RECORDS PROVIDED:
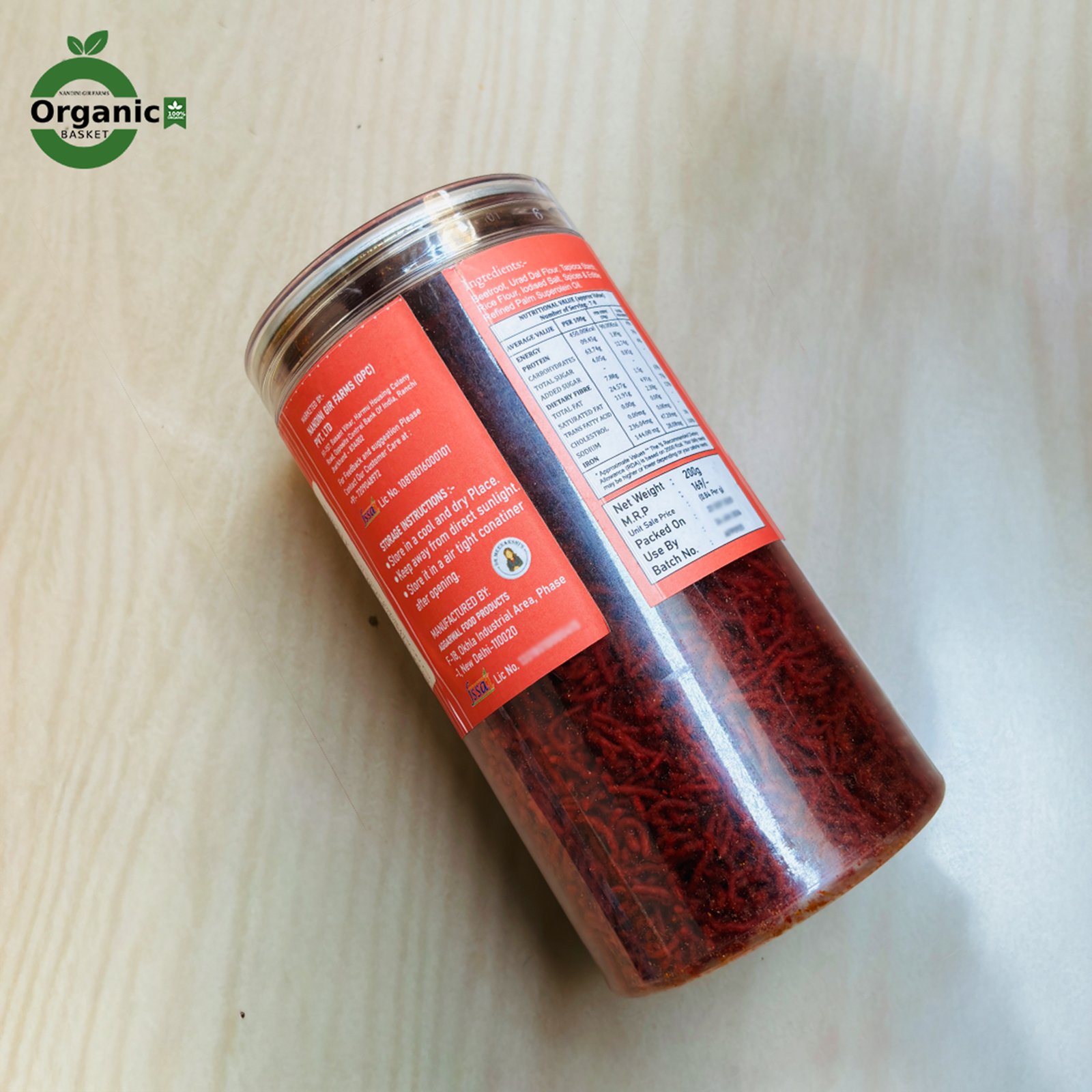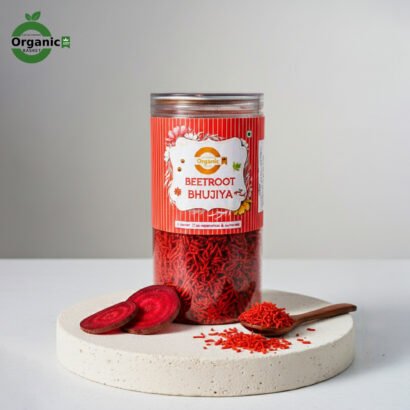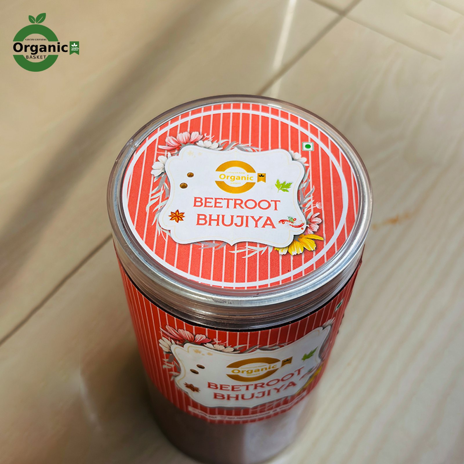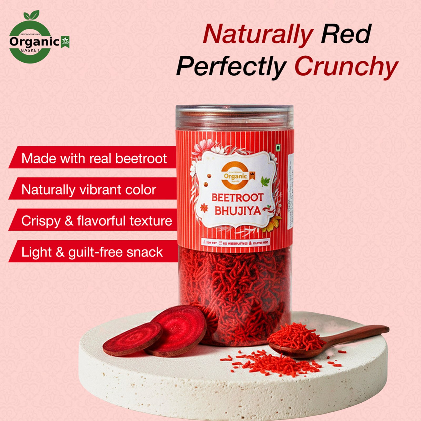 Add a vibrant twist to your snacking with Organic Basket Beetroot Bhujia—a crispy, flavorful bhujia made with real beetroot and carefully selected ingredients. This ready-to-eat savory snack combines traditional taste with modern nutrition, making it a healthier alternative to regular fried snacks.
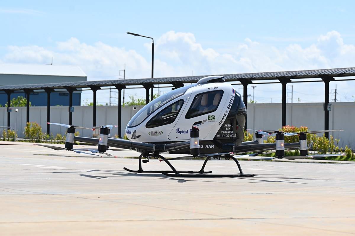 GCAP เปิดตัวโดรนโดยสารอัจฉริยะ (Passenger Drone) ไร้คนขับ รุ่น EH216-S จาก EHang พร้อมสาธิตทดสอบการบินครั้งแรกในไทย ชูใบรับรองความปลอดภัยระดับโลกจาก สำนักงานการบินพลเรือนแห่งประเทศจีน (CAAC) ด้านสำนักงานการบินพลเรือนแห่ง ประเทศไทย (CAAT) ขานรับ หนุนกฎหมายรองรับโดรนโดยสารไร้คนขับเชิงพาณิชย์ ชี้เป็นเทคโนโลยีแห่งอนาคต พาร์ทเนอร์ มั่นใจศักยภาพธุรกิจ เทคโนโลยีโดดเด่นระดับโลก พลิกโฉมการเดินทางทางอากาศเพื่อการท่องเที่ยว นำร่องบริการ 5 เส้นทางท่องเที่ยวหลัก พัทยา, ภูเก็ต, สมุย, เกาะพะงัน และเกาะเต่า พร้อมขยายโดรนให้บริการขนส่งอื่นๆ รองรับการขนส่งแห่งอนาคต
---
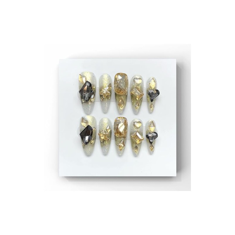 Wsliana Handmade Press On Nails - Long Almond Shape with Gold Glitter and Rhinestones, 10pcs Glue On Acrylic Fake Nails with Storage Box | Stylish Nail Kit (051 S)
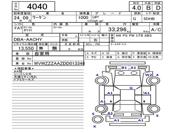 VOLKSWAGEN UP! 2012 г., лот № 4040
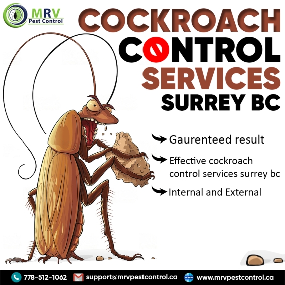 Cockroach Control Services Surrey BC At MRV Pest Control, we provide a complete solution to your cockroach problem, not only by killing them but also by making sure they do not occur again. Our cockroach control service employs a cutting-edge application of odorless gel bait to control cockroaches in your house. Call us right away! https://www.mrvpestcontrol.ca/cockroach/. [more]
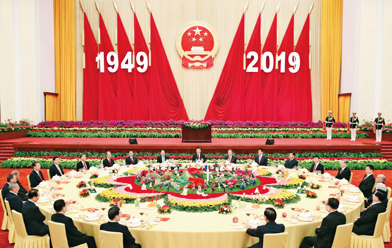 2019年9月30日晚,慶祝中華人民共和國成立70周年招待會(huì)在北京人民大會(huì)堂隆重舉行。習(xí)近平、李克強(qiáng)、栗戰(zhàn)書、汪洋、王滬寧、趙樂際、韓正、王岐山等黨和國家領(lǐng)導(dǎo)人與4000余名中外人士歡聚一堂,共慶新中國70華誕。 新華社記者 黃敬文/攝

AIM OF THE TASK: The copy should hold only the lines from the one with "Wsliana Handmade Press" through the one with "VOLKSWAGEN UP! 2012 г., лот № 4040", exactly as they stand above. Leave out the pictures.

TASK OUTPUT:
 Wsliana Handmade Press On Nails - Long Almond Shape with Gold Glitter and Rhinestones, 10pcs Glue On Acrylic Fake Nails with Storage Box | Stylish Nail Kit (051 S)
 VOLKSWAGEN UP! 2012 г., лот № 4040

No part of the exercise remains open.